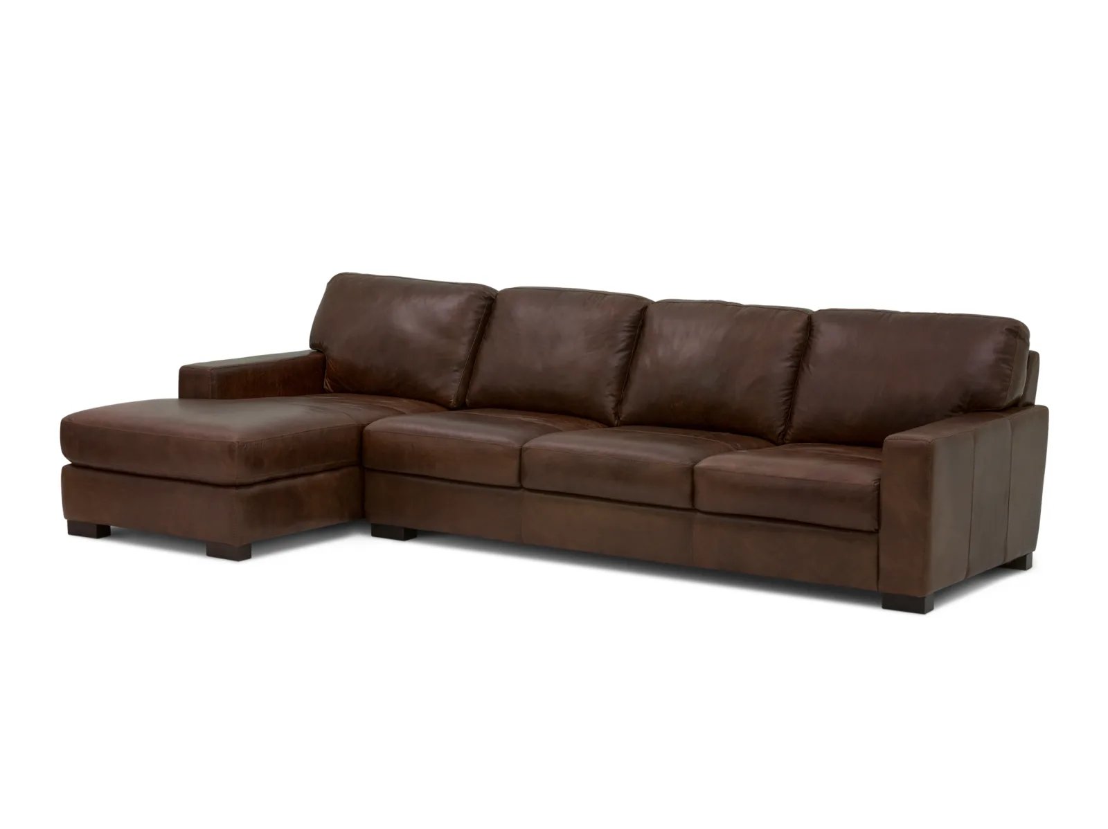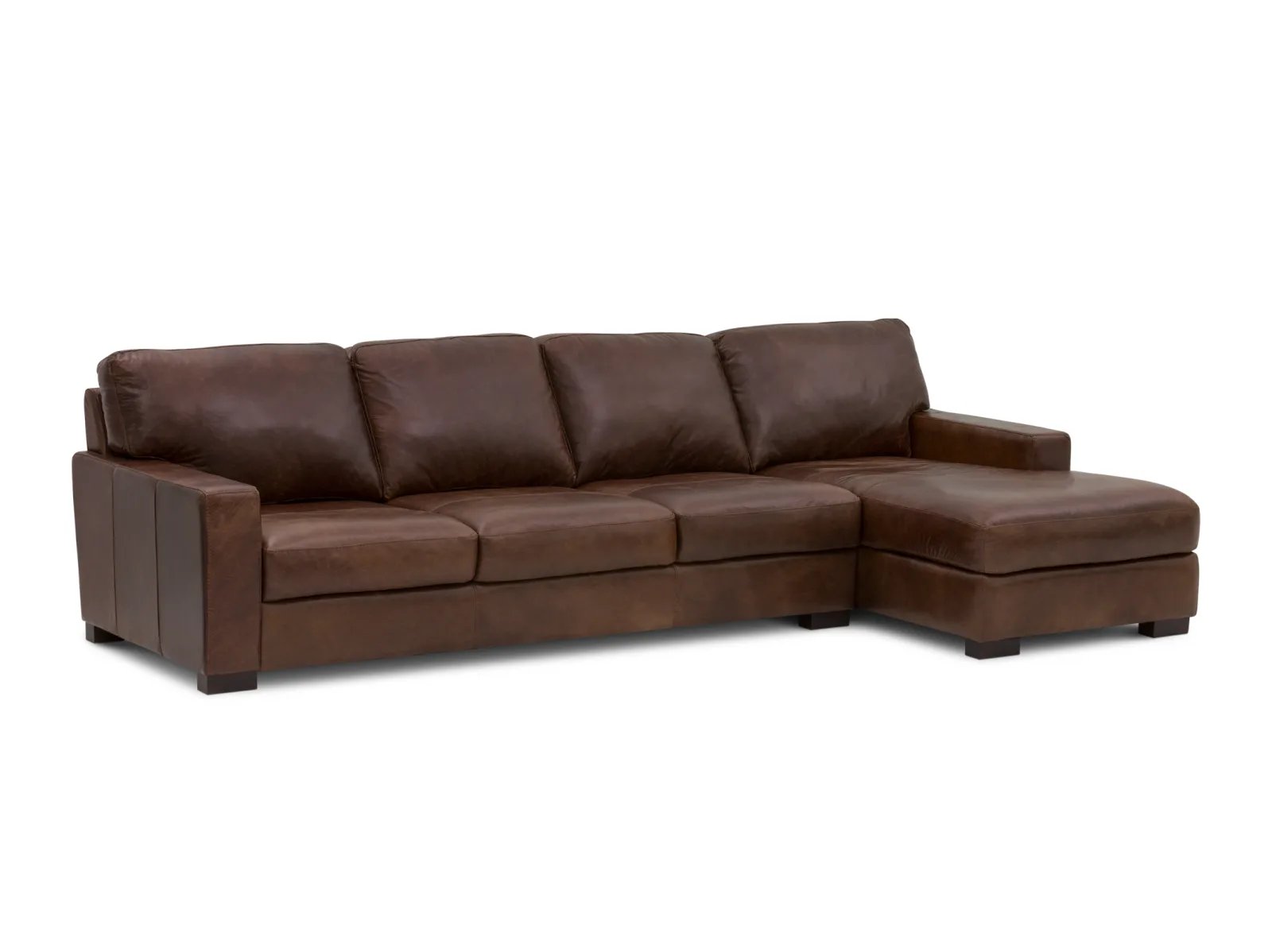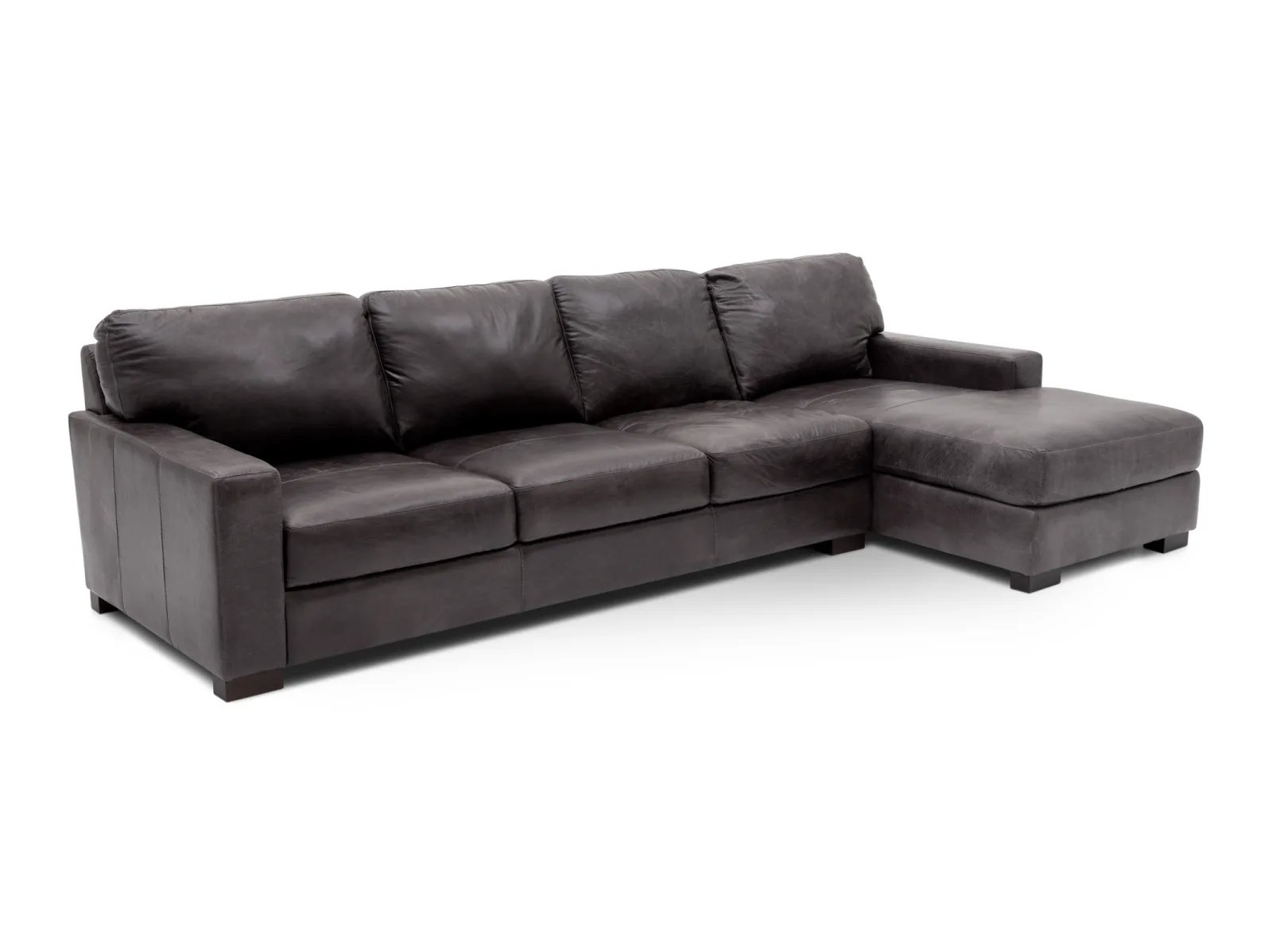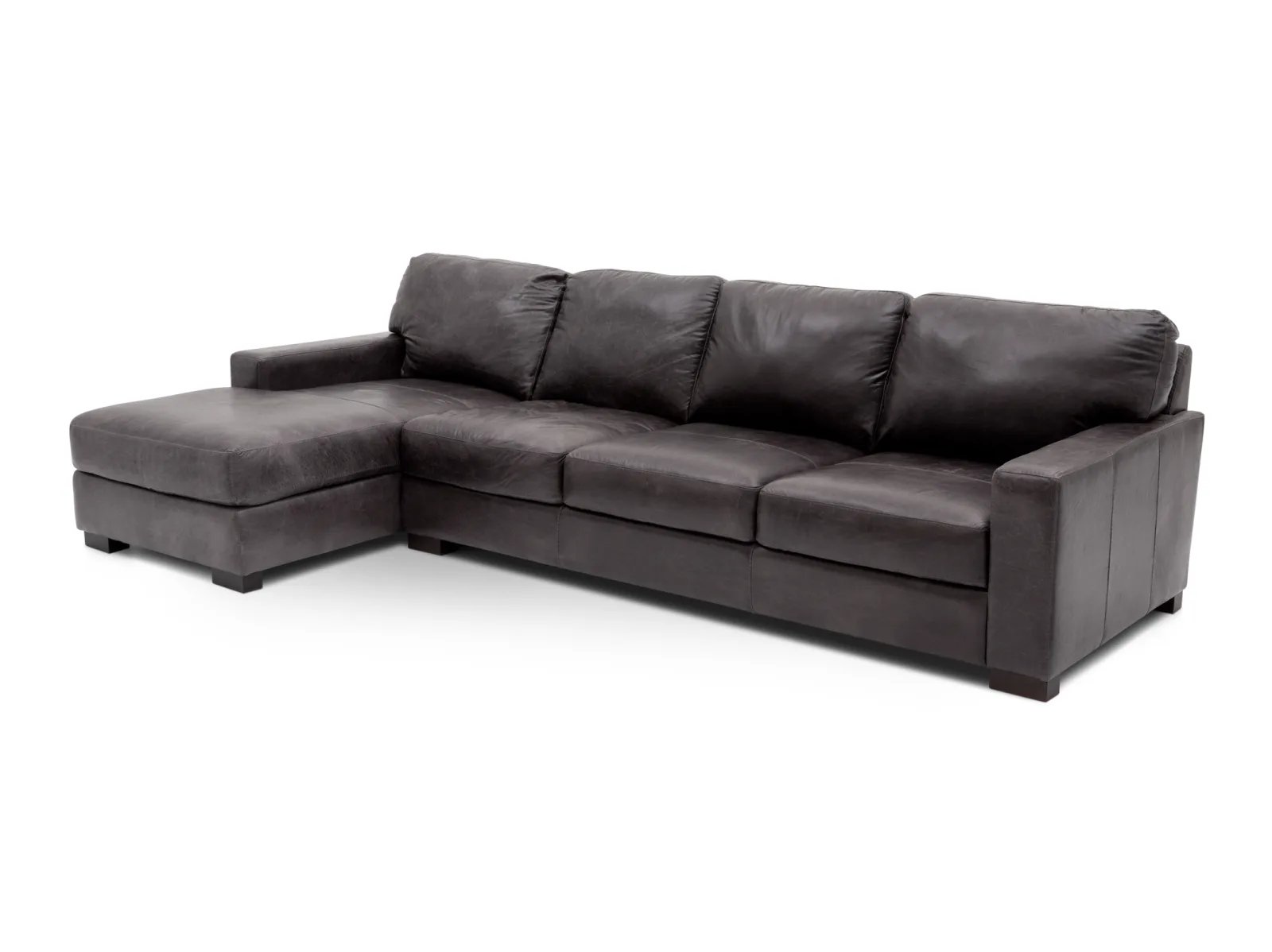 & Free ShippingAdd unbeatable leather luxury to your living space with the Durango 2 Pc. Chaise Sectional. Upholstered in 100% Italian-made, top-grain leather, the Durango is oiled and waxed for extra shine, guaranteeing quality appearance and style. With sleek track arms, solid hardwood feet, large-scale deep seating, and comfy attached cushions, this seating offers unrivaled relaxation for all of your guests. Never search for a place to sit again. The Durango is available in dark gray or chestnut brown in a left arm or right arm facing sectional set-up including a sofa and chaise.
---
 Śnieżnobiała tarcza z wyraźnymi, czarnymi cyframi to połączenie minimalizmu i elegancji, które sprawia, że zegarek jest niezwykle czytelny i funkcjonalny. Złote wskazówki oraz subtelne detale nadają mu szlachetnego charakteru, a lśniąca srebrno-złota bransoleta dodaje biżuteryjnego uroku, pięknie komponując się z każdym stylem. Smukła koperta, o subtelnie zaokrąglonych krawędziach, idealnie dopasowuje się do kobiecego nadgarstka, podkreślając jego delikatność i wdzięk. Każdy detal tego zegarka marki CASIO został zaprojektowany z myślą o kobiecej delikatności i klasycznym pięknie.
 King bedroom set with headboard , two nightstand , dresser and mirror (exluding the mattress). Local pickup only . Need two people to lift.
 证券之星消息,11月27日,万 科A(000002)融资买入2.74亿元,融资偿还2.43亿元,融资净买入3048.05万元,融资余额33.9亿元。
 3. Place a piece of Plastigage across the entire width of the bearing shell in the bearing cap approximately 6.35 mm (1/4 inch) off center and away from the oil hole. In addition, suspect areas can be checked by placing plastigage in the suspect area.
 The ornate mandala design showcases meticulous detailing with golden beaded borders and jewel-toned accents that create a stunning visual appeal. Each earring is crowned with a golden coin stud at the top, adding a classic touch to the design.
---
**Your objective**
In the material above, transcribe exactly the lines beginning at the one with "证券之星消息,11月27日,万 科A(0" and ending at the one with "The ornate mandala", both included.

**Solution to this task**
 证券之星消息,11月27日,万 科A(000002)融资买入2.74亿元,融资偿还2.43亿元,融资净买入3048.05万元,融资余额33.9亿元。
 3. Place a piece of Plastigage across the entire width of the bearing shell in the bearing cap approximately 6.35 mm (1/4 inch) off center and away from the oil hole. In addition, suspect areas can be checked by placing plastigage in the suspect area.
 The ornate mandala design showcases meticulous detailing with golden beaded borders and jewel-toned accents that create a stunning visual appeal. Each earring is crowned with a golden coin stud at the top, adding a classic touch to the design.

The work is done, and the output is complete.